Recommendation Systems Explained: How Netflix and Amazon Know What You Want
Recommendation systems explained — how collaborative filtering, content-based, and hybrid systems work, with Python code to build your own, and how Netflix and Amazon use them.
Get more content like this on Telegram!
Daily AI tips, notes & resources — free
Recommendation Systems Explained: How Netflix and Amazon Know What You Want
Netflix has 260 million subscribers and 15,000+ titles. If you had to manually browse to find something to watch, you'd spend 20 minutes deciding and possibly give up. Instead, 80% of what Netflix subscribers watch comes from recommendations.
The same pattern plays out across every major platform: 35% of Amazon purchases come from recommendations. 60% of YouTube watch time is recommended content.
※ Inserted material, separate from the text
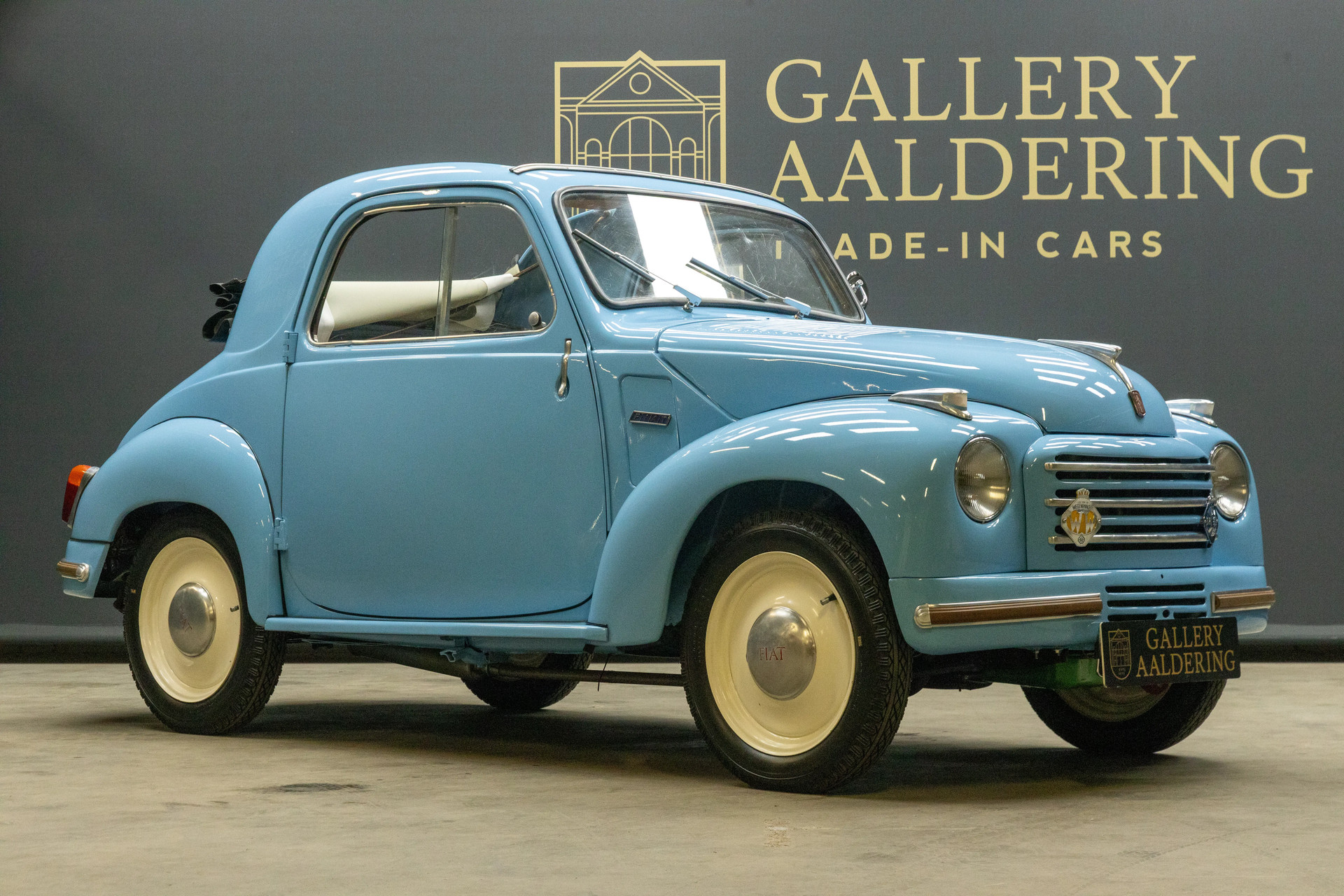 Dit exemplaar komt uit het eerste productiejaar van de 500C en is uitgevoerd in het verfijnde acqua blu, gecombineerd met een bruine stoffen vouwdak. Een kleurencombinatie die perfect past bij het karakter van de auto: licht, vriendelijk en tijdloos. De carrosserie werd in het verleden gerestaureerd en opnieuw gespoten, met een mooi en verzorgd resultaat. Geen over-gerestaureerd museumstuk, maar een eerlijke klassieker die uitnodigt om gebruikt en verder verfijnd te worden.

Spotify's Discover Weekly has 40 million weekly listeners despite no human curation.
Recommendation systems are one of machine learning's most commercially successful applications — genuinely making products better and driving measurable revenue. Understanding how they work reveals both impressive engineering and careful handling of fundamental mathematical challenges.
The Core Problem
A recommendation system estimates: "What is the probability that user u will like item i?"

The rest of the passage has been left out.